I wonder how to use Brown's representability to get that $H^n(X,A)$ and $[X,K(A,n)]$ are bijective?
I know the functor $F$ should be $H^n(\cdot,A)$, then we know there exists some $C\in CW$ and some $c\in H^n(C,A)$, s.t. for all $X\in CW$, we have a bijection from $[X,C]$ to $H^n(X,A)$ taking $f:X\to C$ to $F(f)(c)$. But how do we know $C$ is $K(A,n)$ and what's $c$?
You are guaranteed a natural isomorphism between $\langle X, C \rangle$ and $H^n (X;A)$. Let $X=S^k$. This tells you the homotopy groups of your representing space are exactly the homotopy groups of your sphere, so $C$ is an Eilenberg-MacLane space.
The Yoneda lemma tells us that our natural transformation from the homotopy classes of maps functor to cohomology is determined exactly by where the identity gets sent. This means that since pulling back an arbitrary element of the cohomology is natural, that the isomorphism can be written as pulling back a specific element in $K(A,n)$.

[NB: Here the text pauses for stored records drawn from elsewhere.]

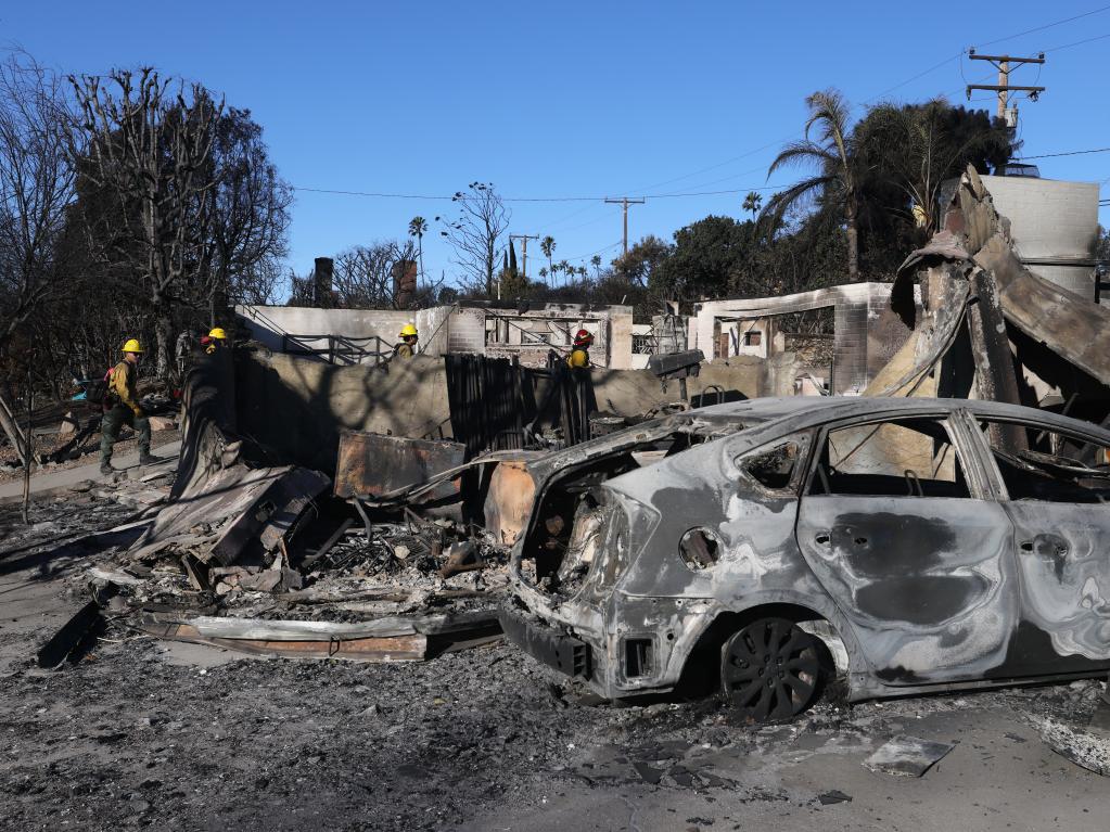 1月15日,在美国加利福尼亚州洛杉矶阿尔塔迪纳,消防员逐门逐户检查山火余烬。新华社发(邱晨摄)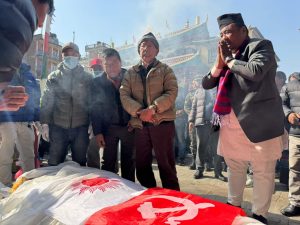स्वर्गिय शेर्पालाई मंगलबार नेकपा एमालेका केन्द्रिय सदस्य एवं रक्षा मन्त्री मानवीर राईले पार्टीको झण्डा ओढाई अन्तिम श्रद्धाञ्जली अर्पण गरेका छन् ।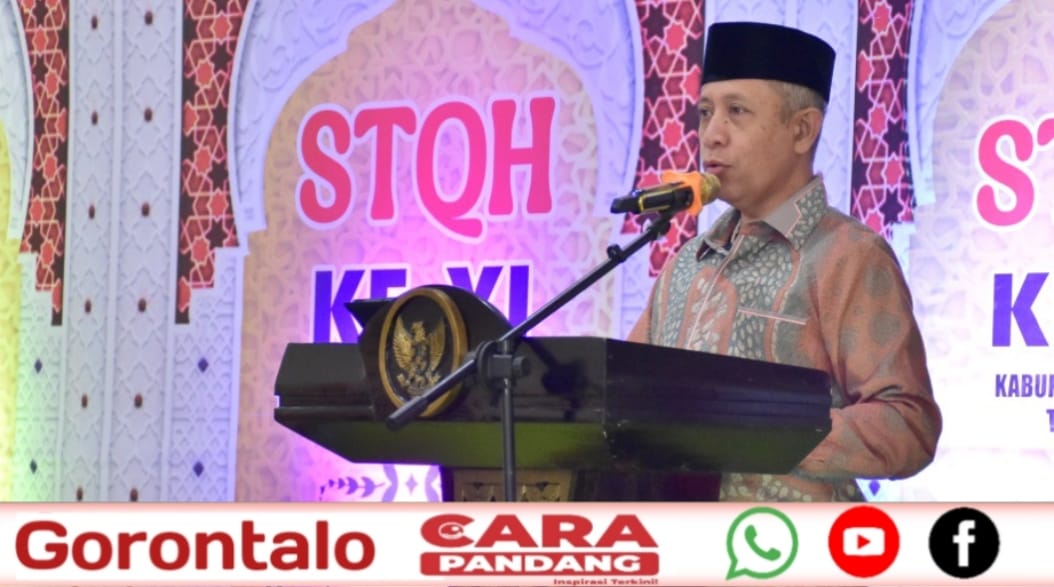 POHUWATO, CARAPANDANG - Asisten Pemerintahan dan Kesra, sekaligus sebagai Wakil Ketua 1 LPTQ Kabupaten Pohuwato, Arman Mohamad, mewakili Bupati Pohuwato menutup dengan resmi Seleksi Tilawatil Qur’an dan Hadis (STQH) XI tingkat Kabupaten Pohuwato yang berlangsung di Gedung Panua, Jumat, (30/05/2025).
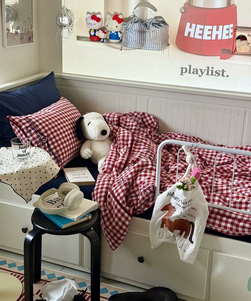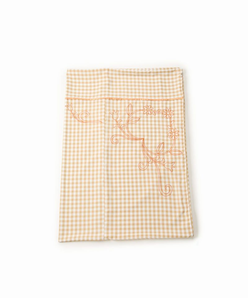 落ち着いた雰囲気のギンガムチェックに、オリジナル刺繍と艶のあるサテンパイピングでポップなCasseliniらしさをプラス。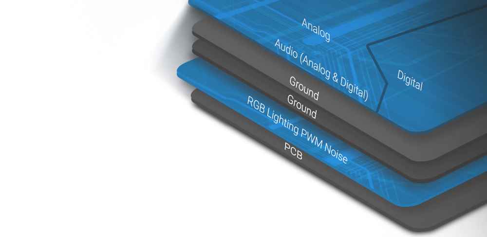 DAC-ul integrat de 96 kHz / 24 biti este dotat cu tehnologia exclusiva ASUS Hyper-Grounding , care previne interferentele electromagnetice (EMI) prin intermediul unui PCB cu multiple straturi si a unui design special al aranjamentului, ceea ce rezulta intr-un sunet pur, care este liber de orice zgomot provocat de EMI.

I can describe an element $c$ for you, but there can be multiple such elements that give you similar natural isomorphisms (for example the inverse), and this even depends implicitly on how you identify the homotopy group with G.
Since $K(A,n)$ is n-1 connected we have an isomorphism $H^n(K(A,n);A)=\operatorname{Hom}(H_n(K(A,n);A),A)=\operatorname{Hom}(\pi_n(K(A,n)),A)=\operatorname{Hom}(A,A)$. Let $c$ be the image of the identity of $\operatorname{Hom}(A,A)$ under this isomorphism.
The way to describe this in words is that your cohomology class is the one whose action on homology is given by interpreting the class as a sphere and then interpreting that as an element of your group.
I'm not sure if you can actually use Brown representability to prove this element suffices.
Addendum: I believe it can be done by the following sketch. There is a functor $CW_* \rightarrow Ab$ given by assigning $X$ the image of$\langle X , K(A,n) \rangle$ under the natural transformation described above. There is an associated functor $Q$ given by quotienting out each $H^n(X;A)$ by the image of $X$ under this functor.
This functor should satisfy the wedge sum axiom because both homotopy classes of maps into $K(A,n)$ do and $H^n(-;A)$ does. Suppose it also satisfies the second axiom.
It can be checked without difficulty that $Q$ is trivial on the spheres. This means that its representing object $C$ has $\langle S^k, C \rangle = 0$. Since $C$ is a CW complex this implies $C$ is contractible, so the result follows.